When this script runs, you will be asked to edit a couple of files. You will need to update your nutch-0.8.1/conf/nutch-site.xml to specify the language plugins and your crawl directory as in the example below. The searcher.dir property must match the one that you use in the -dir option to bin/nutch/crawl as described in the Nutch Tutorial.

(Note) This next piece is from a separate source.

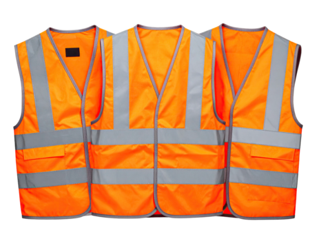 Bright orange safety vest with reflective stripes isolated on transparent background. High visibility orange safety vest with reflective strips for work isolated on white background.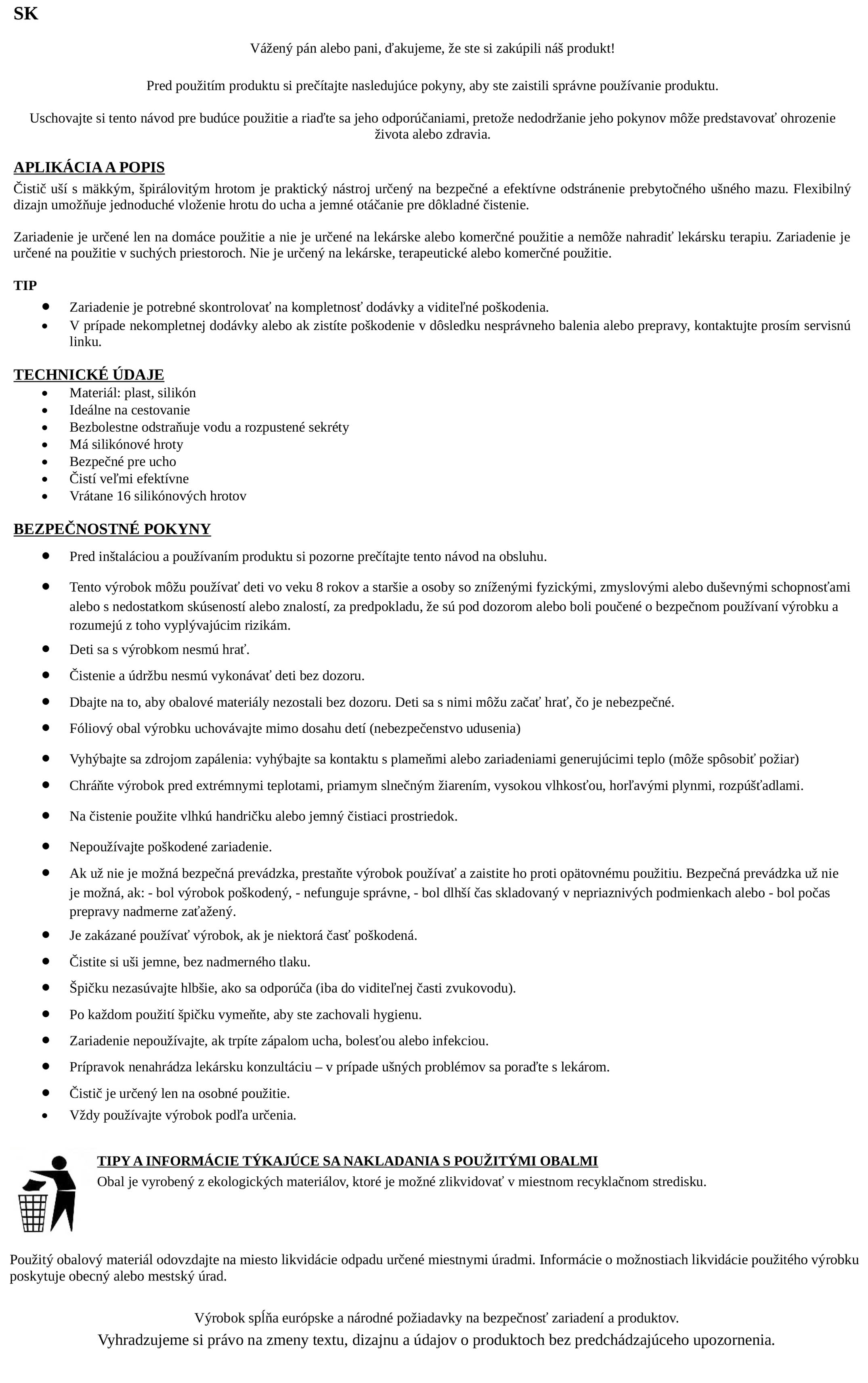 Tento praktický čistič na uši Smart Swab je modernou alternatívou ku klasickým vatovým tyčinkám. Vďaka mäkkému silikónovému hrotu efektívne a bezpečne odstráni nečistoty z ušného kanála bez toho, aby spôsobil podráždenie alebo poškodenie. Je ideálny pre deti aj dospelých a vhodný aj na cestovanie.

<property> <name>plugin.includes</name> <value>protocol-http|urlfilter-regex|parse-(text|html)|index-basic|query-(basic|site|url)|summary-basic|scoring-opic|language-identifier|analysis-(my)</value> <description>Regular expression naming plugin directory names to include. Any plugin not matching this expression is excluded. In any case you need at least include the nutch-extensionpoints plugin. By default Nutch includes crawling just HTML and plain text via HTTP, and basic indexing and search plugins. </description> </property> <property> <name>searcher.dir</name> <value>/opt/nutch/crawl</value> </property>
You will probably want to edit the styles in nutch-0.8.1/src/web/include/style.html e.g.
/* Default to a Myannmar font compliant to the latest Unicode proposal */ * { font-family: PadaukOT, Myanmar2, Padauk, Arial, Helvetica, sans-serif; line-height: 1.5em; font-size: 12px; } /* Underline doesn't look great with Myanmar, so use a bottom border instead */ a { text-decoration: none; border-bottom-style: solid; border-bottom-width: 1px; }
The Apache Tomcat $CATALINA_HOME/conf/server.xml file needs to be modified to support UTF-8 queries. Make sure that the HTTP connector has the URIEncoding attribute set. e.g.
<Connector port="8080" protocol="HTTP/1.1" maxThreads="150" connectionTimeout="20000" redirectPort="8443" URIEncoding="UTF-8" />
You are now ready to follow the instructions in the Nutch Tutorial to create an index and then test searching using the Tomcat interface.